# Class 20: Hypothesis tests continued

Plan for today:
- Practice of statistical inference and hypothesis tests for a single proportion
- Hypothesis tests for assessing causality (comparing two proportions)
- Hypothesis tests for comparing two means  


## Notes on the class Jupyter setup

If you have the *ydata123_2024a* environment set up correctly, you can get the class code using the code below (which presumably you've already done given that you are seeing this notebook).  

In [1]:
import YData

# YData.download.download_class_code(20)   # get class code    
# YData.download.download_class_code(20, TRUE) # get the code with the answers 

YData.download_data("bta.csv")
YData.download_data("babies.csv")

The file `bta.csv` already exists.
If you would like to download a new copy of the file, please rename the existing copy of the file.
The file `babies.csv` already exists.
If you would like to download a new copy of the file, please rename the existing copy of the file.
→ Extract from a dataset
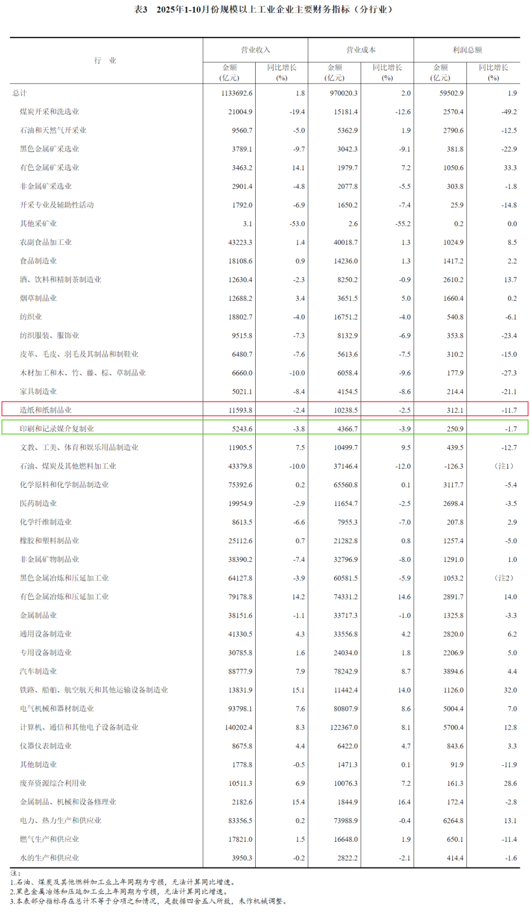 值得關注的是,造紙和紙制品業實現利潤總額312.1億元,同比下降11.7%;印刷和記錄媒介復制業實現利潤總額250.9億元,同比下降1.7%。 1—10月份,規模以上工業企業實現營業收入113.37萬億元,同比增長1.8%;發生營業成本97.00萬億元,增長2.0%;營業收入利潤率為5.25%,同比提高0.01個百分點。其中,造紙和紙制品業實現營業收入11593.8億元,同比下降2.4%;印刷和記錄媒介復制業實現營業收入5243.6億元,同比下降3.8%。 10月末,規模以上工業企業資產總計187.23萬億元,同比增長4.7%;負債合計108.59萬億元,增長5.0%;所有者權益合計78.64萬億元,增長4.3%;資產負債率為58.0%,同比上升0.2個百分點。 10月末,規模以上工業企業應收賬款27.69萬億元,同比增長5.1%;產成品存貨6.82萬億元,增長3.7%。 1—10月份,規模以上工業企業每百元營業收入中的成本為85.56元,同比增加0.17元;每百元營業收入中的費用為8.37元,同比減少0.10元。 10月末,規模以上工業企業每百元資產實現的營業收入為74.5元,同比減少2.2元;人均營業收入為185.9萬元,同比增加5.8萬元;產成品存貨周轉天數為20.4天,同比增加0.4天;應收賬款平均回收期為69.8天,同比增加3.4天。 10月份,規模以上工業企業利潤同比下降5.5%。 國家統計局工業司首席統計師于衛寧解讀2025年1—10月份工業企業利潤數據表示,1—10月份,在黨中央堅強領導下,各地區各部門認真落實黨中央、國務院決策部署,著力做強國內大循環,積極暢通國內國際雙循環,帶動工業企業利潤穩定增長,工業經濟高質量發展穩步推進。主要體現在:工業企業利潤穩定增長;工業企業營收保持增長;裝備制造業利潤較快增長;高技術制造業效益增勢良好;傳統產業提質升級成效顯現等幾大方面。下階段,在國際環境復雜嚴峻,國內周期性結構性矛盾交織的背景下,要深入學習貫徹黨的二十屆四中全會精神,繼續精準落實黨中央、國務院決策部署,推動各項政策協同發力,進一步擴內需、優結構、育新能,推動工業經濟量質齊升、動能煥新,不斷筑牢實體經濟根基。

If you are using colabs, you should install the YData packages by uncommenting and running the code below.

In [2]:
# !pip install https://github.com/emeyers/YData_package/tarball/master

If you are using google colabs, you should also uncomment and run the code below to mount the your google drive

In [3]:
# from google.colab import drive
# drive.mount('/content/drive')

In [4]:
import pandas as pd
import numpy as np

import matplotlib.pyplot as plt
%matplotlib inline

## Hypothesis tests

In hypothesis testing, we start with a claim about a population parameter (e.g., µ = 4.2, or π = 0.25).

This claim implies we should get a certain distribution of statistics, called "The null distribution". 

If our observed statistic is highly unlikely to come from the null distribution, we reject the claim. 

We can break down the process of running a hypothesis test into 5 steps. 

1. State the null and alternative hypothesis
2. Calculate the observed statistic of interest
3. Create the null distribution 
4. Calculate the p-value 
5. Make a decision

Let's run through these steps now by doing one more practice problem running a hypothesis test for a single proportion!


## 1. Warm up: Hypothesis test for a single proportion - sinister lawyers

10% of American popula on is left-handed. A study found that out of a random sample of 105 lawyers, 16 were left-handed. Use our 5 steps of hypothesis testing to assess whether the proportion of left-handed lawyers is greater than the proportion on found in the American population. 


### Step 1: State the null and alternative hypotheses

**In words** 

Null hypothesis: 

Alternative hypothesis:


**In symbols**

$H_0$: 

$H_A$: 


### Step 2: Calculate the observed statistic

Calculate the observed statistic and save it to the name `obs_stat`. 

What symbol should we use to denote this observed statistic? 


### Step 3: Create the null distribution 

To create the null distribution let's use the code we wrote last class to simulate the proportion of heads we get from flipping a coin *n* times. 

The code `generate_proportion(n, prob_heads)` below can be used to simulate flipping a coin *n* times with a probability of getting heads given by the argument `prob_heads` (make sure you understand how this code works!). 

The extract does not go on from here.